Open YaoQ opened 9 months ago
Hi, Thank you for your integrating ESM2 work. I have some questions, as follows: 1.Does the key point SAP in the paper only provide the model parameters, such that it's difficult to integrate into esm2? 2.Why the accuracy of the bigger dataset HP-S lower than that of small dataset HP-S2C2? Does it means there is more overfitting problem in the small dataset, even the sequences have less than 50% identity according to the author? I'll appreciate to you reply.
We use AlphaFoldDB (Jumper et al., 2021) for SAP protein pre-training. We filter the data with sequence length and data quality and finally get 270K data. ESM-1B (Rives et al., 2019) and ESM-IF (Hsu et al., 2022) backbone are used to process the sequence and 3D coordinate inputs, and an average pooling layer is applied to the final-layer token representations of ESM models and get protein embeddings. A momentum encoder with τ = 1.0, momentum encoder coefficient α = 0.9999 and memory bank of size 65, 536 is used and the model is trained for 4 epochs, with AdamW optimizer, weight decay 10 −12 , batch size 512 and an initial learning rate 10 −6 decayed with OneCycle (Smith & Topin, 2019) decay scheduler.

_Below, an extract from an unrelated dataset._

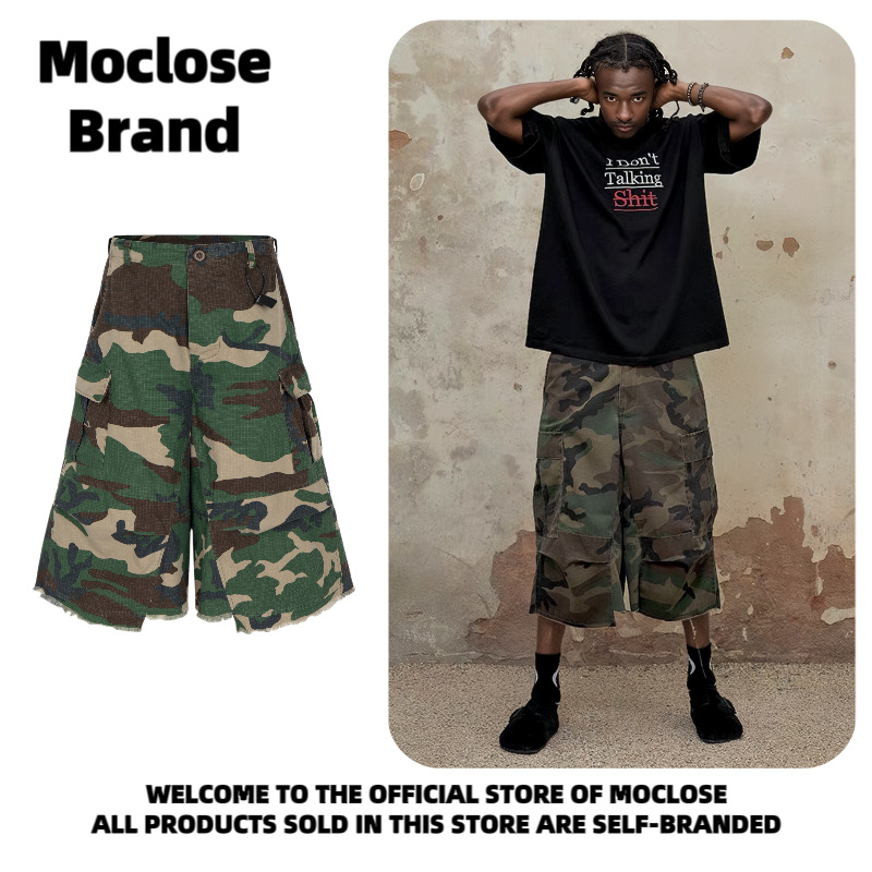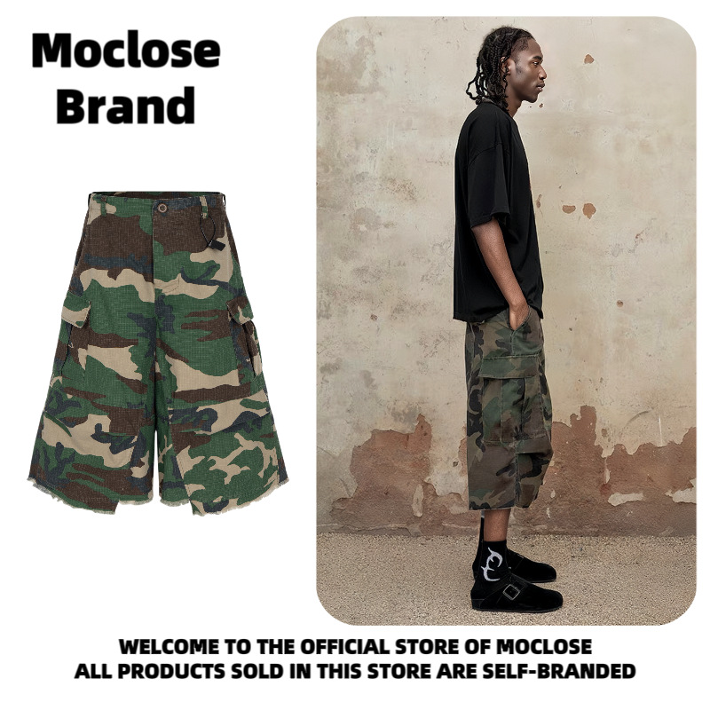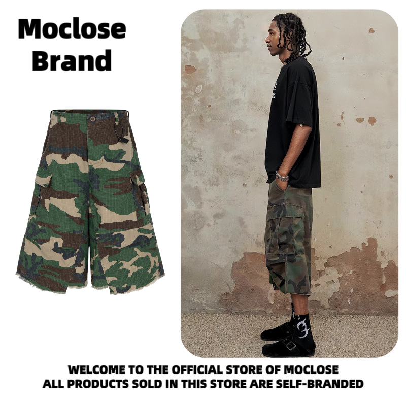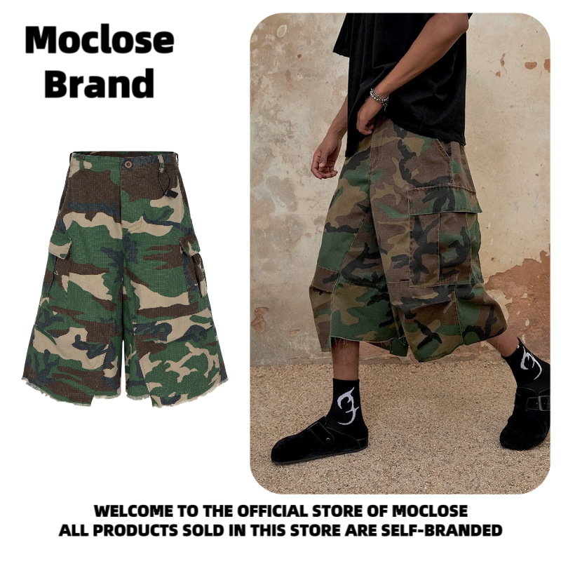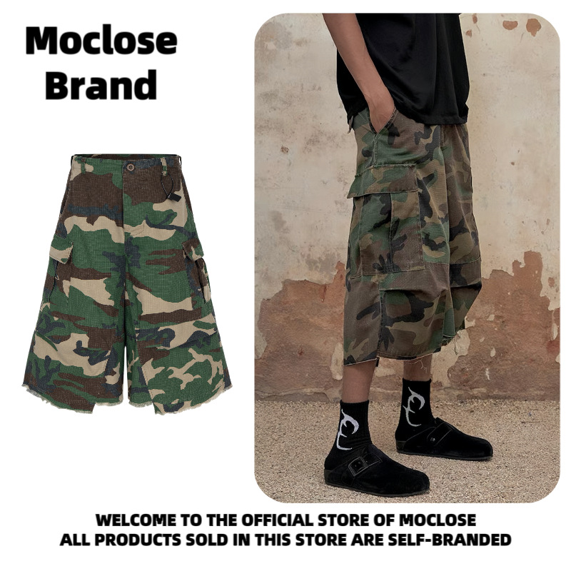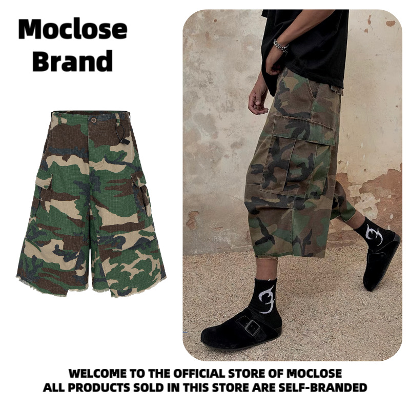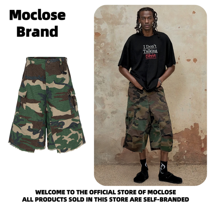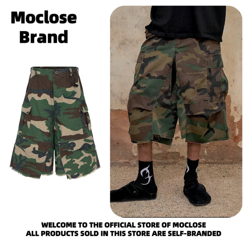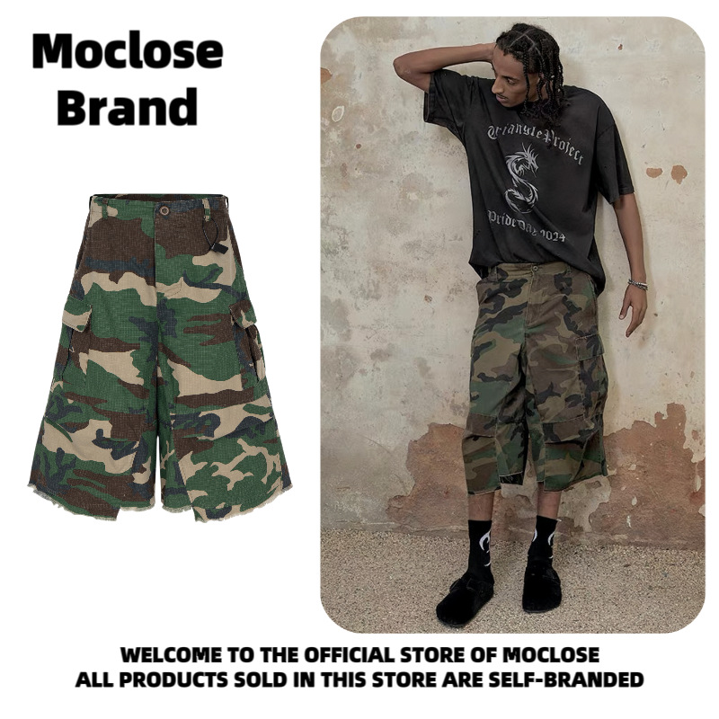 Moclose アメリカンストリート 春夏 カジュアル 迷彩 ダメージ加工 ローエッジシルエット メンズ レディース ゆったり ワークウェア クロップドショーツ

So SPA is only compatible with ESM-1B, so when I train the classification, I just only use esm-2b pretrain module without SAP.
HP-S Total:182305 train:145844
test:36461
HP-S2C5 Total: 1040 Train: 936
Test: 104
you see HP-S is much bigger than HP-S2C5 dataset. According to my training results, using a larger model of ESM2 can unearth more sequence information, thereby improving accuracy.
You are right, when I train the esm2_t33_650M on HP-S2C5, it gets 93.75%, when I test it on HP-S, the accuracy is only 38.92%.
老哥好呀,我也在深圳。昨天简单看了你的repo,发现你只是把esm的代码照搬过来了,没有get到这篇论文的精髓。他ESM的模型参数是冻住了,但是在每个注意力层的q和v都添加了用于微调的LoRA层(这些层可学习的,Hu E J, Shen Y, Wallis P, et al. Lora: Low-rank adaptation of large language models[J]. arXiv preprint arXiv:2106.09685, 2021.),还有一些sparse层也是可以学习的。建议你看看这个仓库esm/module/Transformers以及esm/sparse_multihead_attention/SparseMultiheadAttention 呢。注意rank参数和use_sparse参数,这些都是微调相关的。祝好运!
Thank you for your great work, I am very interested in it.
I have managed to upgrade the hotprotein framework from ESM1 to ESM2, this is the repo I finetune the esm2 models with d1_1_classification.pkl and HP-S2C2 data, then test the mean accuracy for 10 folders of HP-S2C2 dataset.
Also, I finetune the ESM2 models and test it with HP-S dataset.
Then I have several questions:
Why do you train the esm1b and linear model with different loss, optimizer and scheduler. I checked the ESM1b module attributes of each layers' weights, requires_grad is False. that means when we finetune classification function, we just train the linear layer only.
I try to train the hotprotein with deepspeed, now it supports distribute training with multiple GPU in FP16 dtype, but the accuracy is worse. I only test esm2_t6_8M on HP-S2C2 dataset, the best Accuracy for d1_1_classification is only 84.26%, but I finetune esm2_t6_8M classification without deepspeed, it gets 90.36%.
If you have any suggestion, let me know. Thank you very much.